Yang Meng-Ge, Xu Li, Ji Suqiong, Gao Huajie, Zhang Qing, Bu Bitao
Department of Neurology, Tongji Hospital of Tongji Medical College, Huazhong University of Science and Technology, Wuhan, People's Republic of China.
Neuropsychiatr Dis Treat. 2022 Jun 16;18:1207-1217. doi: 10.2147/NDT.S361461. eCollection 2022.
To investigate the response of tacrolimus to chronic inflammatory demyelinating polyneuropathy (CIDP) with autoantibodies against paranodal proteins, including neurofascin-155 (NF155), contactin-1 (CNTN1) and contactin-associated protein 1 (Caspr1).
We retrospectively reviewed all CIDP patients who carried anti-NF155, CNTN1 and Caspr1 antibodies and were treated with tacrolimus at Tongji hospital from Jan 2018 to Apr 2021.

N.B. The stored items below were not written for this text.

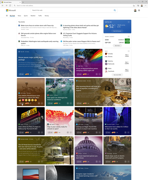 当您单击“查看更多新闻”时,会有更多的更新。在浏览器中打开的新源体验经过重新设计,可帮助您一目了然地赶上头条新闻,并享受充满活力的源,让您的个性化故事曝光。较大的卡片现在也可以显示文章文本,帮助您在潜入之前了解主题。
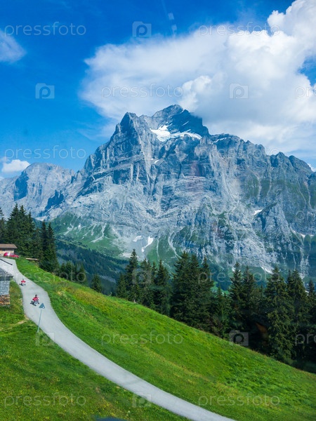 Альпийский пейзаж с видом на вершину Веттерхорна в Гриндельвальде, Бернский Оберланд, Швейцария
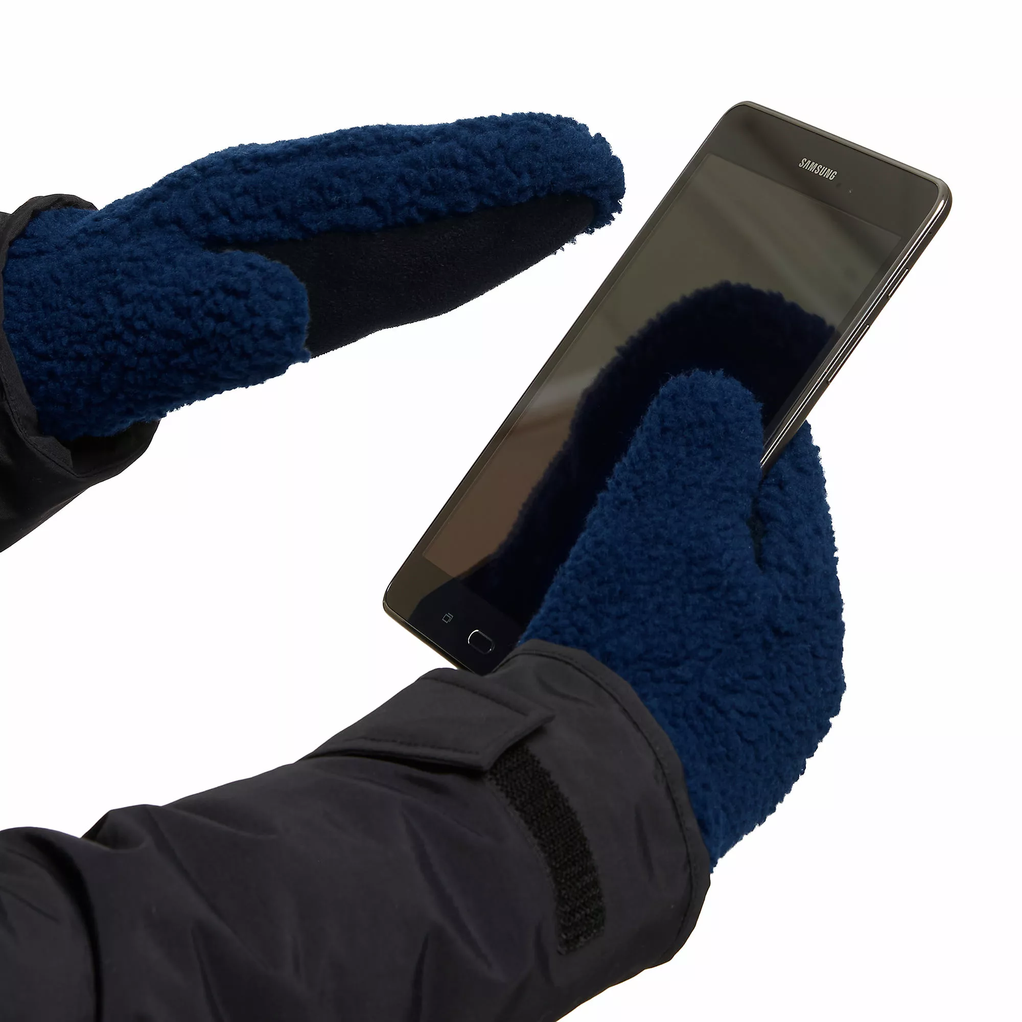 Wrap your hands in a hug with this pair of classic, sherpa mittens. The soft, cozy fleece protects against unwanted chills and cold; and features a contrasting rib-knit cuff for a stylish look. The added EZ touch thumb tip has been designed to work with touchscreens making it easier to use your phone to take those treasured family photos over the holidays.
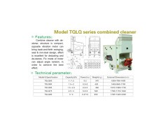Model TQLQ Series Combined Cleaner Features: Combine cleaner with de-stoner, structure is compact, opposite vibration motor can bring back-and-forth swinging, seal & non-dust design, effect is excellent for removing dust and de-stones. Fix mode of motor can adjust angle random in order to achieve the best effect. Technical Parameters: Model Capacity(t/h) Power(kw) Weight(kg) Dimension(cm) TQLQ50 1-1.2 0.2 370 125x76x160 TQLQ60 1.5-2 0.2x2 420 145x96x170 TQLQ65 1.5-2.5 0.2x2 480 157x106x173 TQLQ75 2.5-3 0.2x2 520 170x117x184 TQLQ90 3-4 0.37x2 650 170x132x230

There were 58 patients with CIDP and only 9 patients had autoantibodies against paranodal proteins (17.2%). Five of the 9 patients received tacrolimus treatment with an initial dose of 2-3 mg once daily. One patient with anti-CNTN1 antibody started tacrolimus and corticosteroid treatment, at the first episode and eventually achieved full clinical remission without relapse. Four patients with anti-NF155 or -Caspr1 antibodies experienced relapse during corticosteroids tapering. Then, they were given oral tacrolimus and presented with clinical improvement. During follow-up, only one patient developed worsening weakness due to unreasonable tacrolimus discontinuation. Moreover, 3 patients were successfully withdrawn from corticosteroids and 2 patients took corticosteroids at low maintenance dose (10mg/d) after tacrolimus treatment. No severe adverse events were observed in all the patients.
Patients with autoantibodies against paranodal proteins had a better long-term outcome after adding tacrolimus. Combination therapy with corticosteroids and tacrolimus may be an effective therapeutic regimen.
探讨他克莫司对伴有抗结旁区蛋白自身抗体的慢性炎症性脱髓鞘性多发性神经病(CIDP)的疗效,这些抗结旁区蛋白自身抗体包括神经束膜蛋白-155(NF155)、接触蛋白-1(CNTN1)和接触蛋白相关蛋白1(Caspr1)。
我们回顾性分析了2018年1月至2021年4月在同济医院接受他克莫司治疗的所有携带抗NF155、CNTN1和Caspr1抗体的CIDP患者。
共有58例CIDP患者,其中仅9例患者存在抗结旁区蛋白自身抗体(17.2%)。9例患者中有5例接受了他克莫司治疗,初始剂量为每日一次2 - 3毫克。1例抗CNTN1抗体患者在首次发作时开始使用他克莫司和皮质类固醇治疗,最终实现完全临床缓解且无复发。4例抗NF155或 - Caspr1抗体患者在皮质类固醇减量过程中出现复发。随后,他们接受口服他克莫司治疗,临床症状改善。在随访期间,仅1例患者因不合理停用他克莫司导致肌无力加重。此外,3例患者成功停用皮质类固醇,2例患者在接受他克莫司治疗后以低维持剂量(10毫克/天)服用皮质类固醇。所有患者均未观察到严重不良事件。
添加他克莫司后,伴有抗结旁区蛋白自身抗体的患者长期预后较好。皮质类固醇与他克莫司联合治疗可能是一种有效的治疗方案。